Aún más importante es el hecho de que el resentimiento obstruye o restringe severamente nuestras posibilidades de acción. En la medida en que estamos absorbidos por una conversación que se niega a aceptar la pérdida que hemos sufrido y alimenta nuestro juicio de injusticia y nuestra acusación de culpabilidad, el pasado reina sobre el presente y estrecha el espacio del futuro. Cuando pensamos en el futuro, éste aparece impregnado por los juicios que caracterizan al resentimiento. Normalmente vivimos en el juicio de que seguiremos siendo tratados injustamente de ahora en adelante. Nuestras posibilidades futuras se convierten en posibilidades para incubar más resentimiento.
Quienes son objeto del resentimiento de otros, por otra parte, se encuentran rodeados de «arenas movedizas» y de un entorno hostil aun cuando no lo perciban. Sus intentos de coordinar acciones se ven permanentemente desbaratados. Enfrentan la promesa no formulada de que «en algún momento, en alguna parte, en alguna forma» van a pagar por aquello de lo que se les acusa silenciosamente. Es sólo cuestión de encontrar la ocasión propicia. En todo espacio social donde predomina el resentimiento la productividad y la calidad de la convivencia se ve afectada.
Sostenemos que se puede reconstruir cada estado de ánimo por medio de su correspondiente estructura lingüística subyacente. Por lo tanto, ¿cuál es la estructura lingüística en la cual se puede reconstruir el estado de ánimo de resentimiento? Basándonos en el análisis desarrollado anteriormente, proponemos la siguiente estructura lingüística para el estado de ánimo de resentimiento:
— Afirmo que sucedió (o no sucedió) X
— Juzgo que ello implica el incumplimiento de una promesa o de una legítima expectativa
—Juzgo que X me causó daño y restringió mis posibilidades actuales
— Juzgo que esto no es justo
— Declaro que «A» es responsable de esto («A» puede ser una persona, un grupo de personas, una institución, etcétera)

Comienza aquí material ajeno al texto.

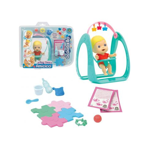 Amicicci babával minden nap játékkal és vidámsággal telik majd!Ez a kis játékszett egy csörgőkkel díszített hintát, puzzle játszószőnyeget, cumisüveget, tényért, kanalat, előkét és más apró kiegészítőket tartalmaz. Mindent, ami egy pici baba gondozásához szükséges. A lányok eljátszhatják, hogy a mókázással töltött délelőtt után megetetik Amicicci babát az összekeverhető étellel. Csomagolás mérete: kb. 29 x 23 x 12 cm

— Juzgo que no puedo hacer nada ahora para que «A» repare el daño que me ocasionó
— Declaro que esto no es correcto (no debiera ser, o debiera ser diferente)
—Declaro que en algún momento, en algún lugar, en alguna forma, «A» va a pagar por esto
También se pueden aceptar algunas variaciones de esta estructura. Lo que es interesante de ésta, sin embargo, es que podemos observar claramente la tensión entre el juicio «no puedo hacer nada ahora» y la declaración «las cosas debieran ser diferentes». Para que haya resentimiento es necesario que estos dos elementos estén presentes. Implica una tensión entre un juicio de facticidad y un juicio simultáneo de posibilidad. Como veremos a continuación, esta estructura lingüística nos guiará para diseñar caminos que nos permitan alejarnos del resentimiento.

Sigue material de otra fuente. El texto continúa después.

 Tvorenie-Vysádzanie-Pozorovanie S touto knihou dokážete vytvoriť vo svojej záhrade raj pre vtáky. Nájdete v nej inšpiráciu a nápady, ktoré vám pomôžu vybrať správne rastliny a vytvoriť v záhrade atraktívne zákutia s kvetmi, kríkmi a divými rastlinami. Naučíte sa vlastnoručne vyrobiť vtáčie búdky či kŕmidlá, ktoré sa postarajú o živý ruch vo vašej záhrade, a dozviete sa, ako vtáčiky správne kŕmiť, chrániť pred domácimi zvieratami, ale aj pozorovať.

Nietzsche ha sido el gran filósofo del tema del resentimiento. Según él, ei resentimiento envenena la vida y corroe la convivencia con otros. Pero, por sobre todo, se trata de una emoción que encadena al ser humano, le arrebata su libertad. El resentimiento, nos dice Nietzsche, nos constituye en esclavos. La esclavitud no es sólo, ni siquiera primordialmente, un asunto político o legal. Es, por sobre todo, una condición del alma humana. Quien es jurídicamente un esclavo, puede ser a la vez un alma libre, como nos lo demuestra Epicteto.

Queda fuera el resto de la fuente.